**TASK PROMPT**
After locating the line with "Décrit la transmission" below, output it and each following line exactly, stopping after the line with "Начинайте с 30000". No pictures.

(Stored records)

● ● ●

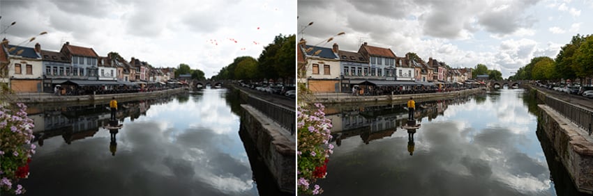 Here's a side by side comparison of the two images. You can see that the exposure is better now, there's detail recovered from both the highlights and shadows. I warmed the image with the Temperature slider and added some contrast and midtone sharpening.
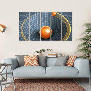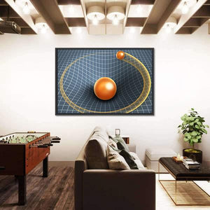 This abstract canvas art features a gravity well with orbs set against a dynamic grid. Its captivating palette of blue, orange, white, and gold creates a scientific and surreal atmosphere, making it a striking addition to any modern decor.
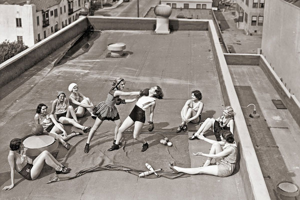 Here are some women boxing on a roof in 1938. No one had air conditioning, so practicing outside was more popular than in a stuffy theater. However, it’s unlikely they were actually throwing punches…at least not heavy ones. While the blonde boxer is probably actually hitting the brunette, it’s likely just a stunt punch, hence the smiles all around.
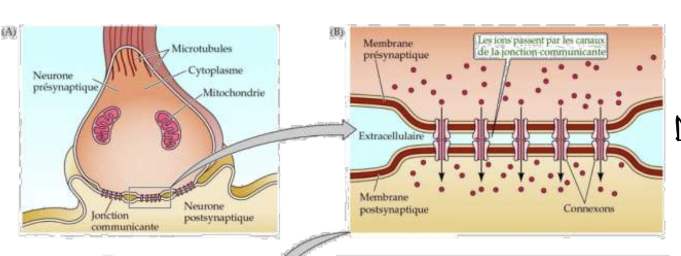 Décrit la transmission synaptique électrique?
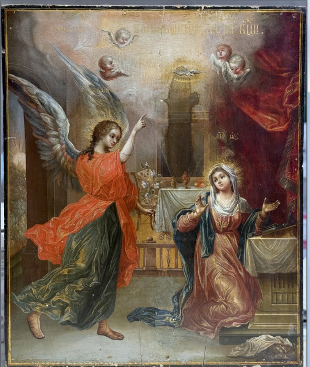 Начинайте с 30000 рублей из за трещины и утрат местами живописи.
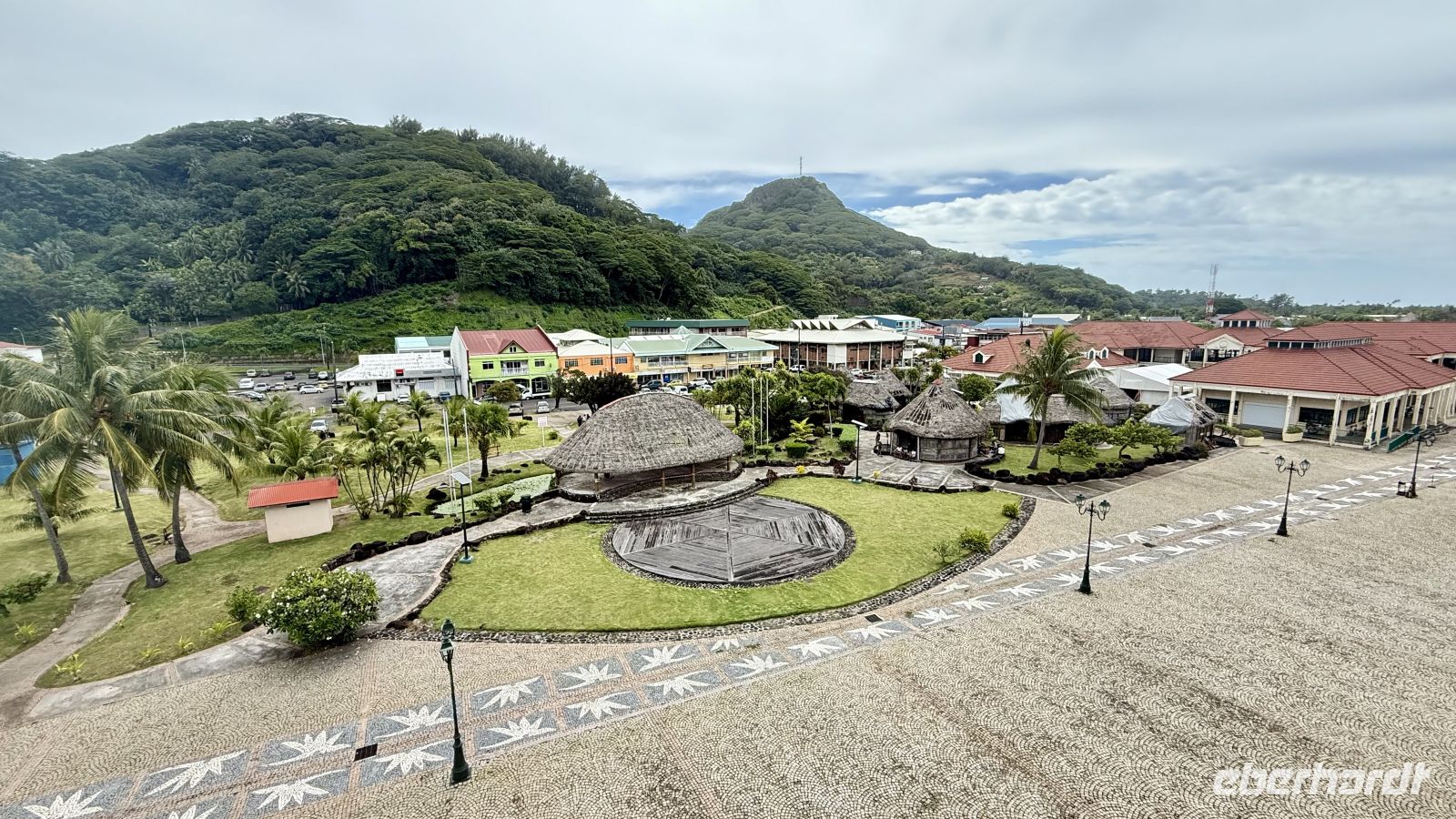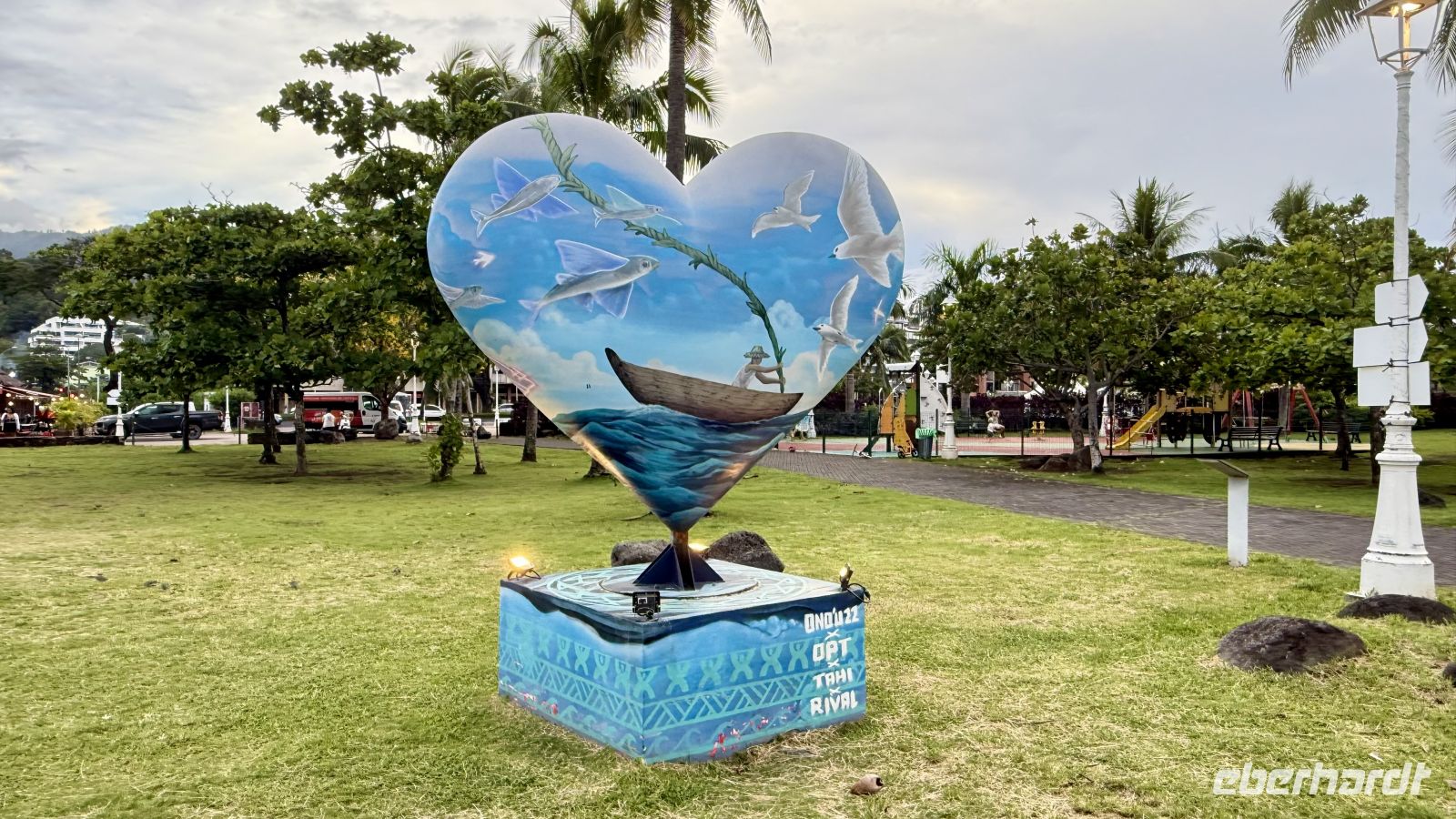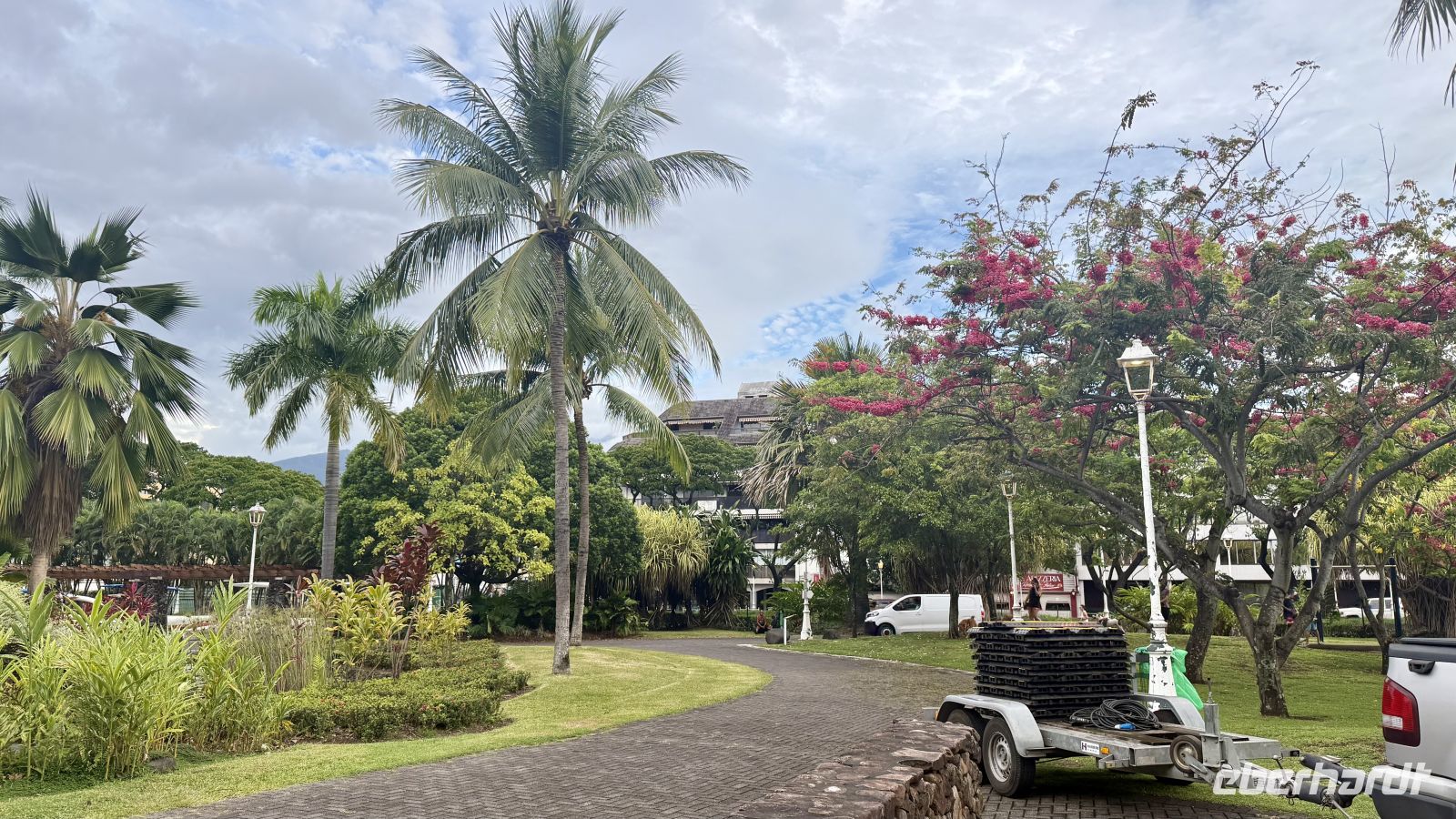 Unser erster Stopp war der Paofai Park, auch bekannt als Parc Paofai oder offiziell Pa'ōfa'i Gardens. Er liegt direkt an der Uferpromenade von Papeete und ist einer der beliebtesten Orte sowohl für Einheimische als auch für Besucher. Der Park wurde vollständig modernisiert und bietet weitläufige Grünanlagen, Laufwege, Spielplätze, Fitnessbereiche sowie zahlreiche Blumen- und Pflanzenarten, die typisch für Polynesien sind. Von hier aus hat man einen wunderschönen Blick auf die Lagune von Papeete und bei gutem Wetter sogar bis nach Mo’orea. Besonders abends herrscht hier eine entspannte Atmosphäre, wenn Familien picknicken, Jogger ihre Runden drehen und die Sonne langsam hinter dem Horizont verschwindet.

● ● ●

**RESULT OF THIS EXERCISE**
 Décrit la transmission synaptique électrique?
 Начинайте с 30000 рублей из за трещины и утрат местами живописи.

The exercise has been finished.